### Collected data entries:
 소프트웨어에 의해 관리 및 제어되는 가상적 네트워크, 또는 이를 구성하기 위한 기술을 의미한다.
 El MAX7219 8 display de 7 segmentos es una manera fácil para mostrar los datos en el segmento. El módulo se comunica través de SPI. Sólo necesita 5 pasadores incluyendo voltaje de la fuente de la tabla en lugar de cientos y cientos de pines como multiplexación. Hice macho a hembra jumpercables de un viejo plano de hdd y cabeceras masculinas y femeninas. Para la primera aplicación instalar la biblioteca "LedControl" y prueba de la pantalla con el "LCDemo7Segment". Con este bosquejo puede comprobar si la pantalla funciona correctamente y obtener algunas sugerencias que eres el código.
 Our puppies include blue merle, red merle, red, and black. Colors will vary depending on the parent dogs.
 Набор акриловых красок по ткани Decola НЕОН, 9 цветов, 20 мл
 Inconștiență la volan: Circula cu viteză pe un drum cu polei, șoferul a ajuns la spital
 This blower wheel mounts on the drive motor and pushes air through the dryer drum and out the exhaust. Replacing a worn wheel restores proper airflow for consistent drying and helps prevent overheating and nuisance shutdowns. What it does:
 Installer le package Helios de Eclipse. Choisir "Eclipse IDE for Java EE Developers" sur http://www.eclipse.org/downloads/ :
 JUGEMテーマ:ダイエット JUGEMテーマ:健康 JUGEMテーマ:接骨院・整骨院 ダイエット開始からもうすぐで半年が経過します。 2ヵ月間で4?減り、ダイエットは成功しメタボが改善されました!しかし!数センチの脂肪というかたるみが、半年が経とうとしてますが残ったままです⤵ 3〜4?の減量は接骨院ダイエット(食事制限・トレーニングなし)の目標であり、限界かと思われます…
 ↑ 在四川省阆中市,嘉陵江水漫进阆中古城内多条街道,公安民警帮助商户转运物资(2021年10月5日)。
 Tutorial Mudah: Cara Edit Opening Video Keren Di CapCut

### WHAT TO WORK ON:
Transcribe every entry, keeping each line exactly as it reads.

### WRITTEN RESPONSE:
 소프트웨어에 의해 관리 및 제어되는 가상적 네트워크, 또는 이를 구성하기 위한 기술을 의미한다.
 El MAX7219 8 display de 7 segmentos es una manera fácil para mostrar los datos en el segmento. El módulo se comunica través de SPI. Sólo necesita 5 pasadores incluyendo voltaje de la fuente de la tabla en lugar de cientos y cientos de pines como multiplexación. Hice macho a hembra jumpercables de un viejo plano de hdd y cabeceras masculinas y femeninas. Para la primera aplicación instalar la biblioteca "LedControl" y prueba de la pantalla con el "LCDemo7Segment". Con este bosquejo puede comprobar si la pantalla funciona correctamente y obtener algunas sugerencias que eres el código.
 Our puppies include blue merle, red merle, red, and black. Colors will vary depending on the parent dogs.
 Набор акриловых красок по ткани Decola НЕОН, 9 цветов, 20 мл
 Inconștiență la volan: Circula cu viteză pe un drum cu polei, șoferul a ajuns la spital
 This blower wheel mounts on the drive motor and pushes air through the dryer drum and out the exhaust. Replacing a worn wheel restores proper airflow for consistent drying and helps prevent overheating and nuisance shutdowns. What it does:
 Installer le package Helios de Eclipse. Choisir "Eclipse IDE for Java EE Developers" sur http://www.eclipse.org/downloads/ :
 JUGEMテーマ:ダイエット JUGEMテーマ:健康 JUGEMテーマ:接骨院・整骨院 ダイエット開始からもうすぐで半年が経過します。 2ヵ月間で4?減り、ダイエットは成功しメタボが改善されました!しかし!数センチの脂肪というかたるみが、半年が経とうとしてますが残ったままです⤵ 3〜4?の減量は接骨院ダイエット(食事制限・トレーニングなし)の目標であり、限界かと思われます…
 ↑ 在四川省阆中市,嘉陵江水漫进阆中古城内多条街道,公安民警帮助商户转运物资(2021年10月5日)。
 Tutorial Mudah: Cara Edit Opening Video Keren Di CapCut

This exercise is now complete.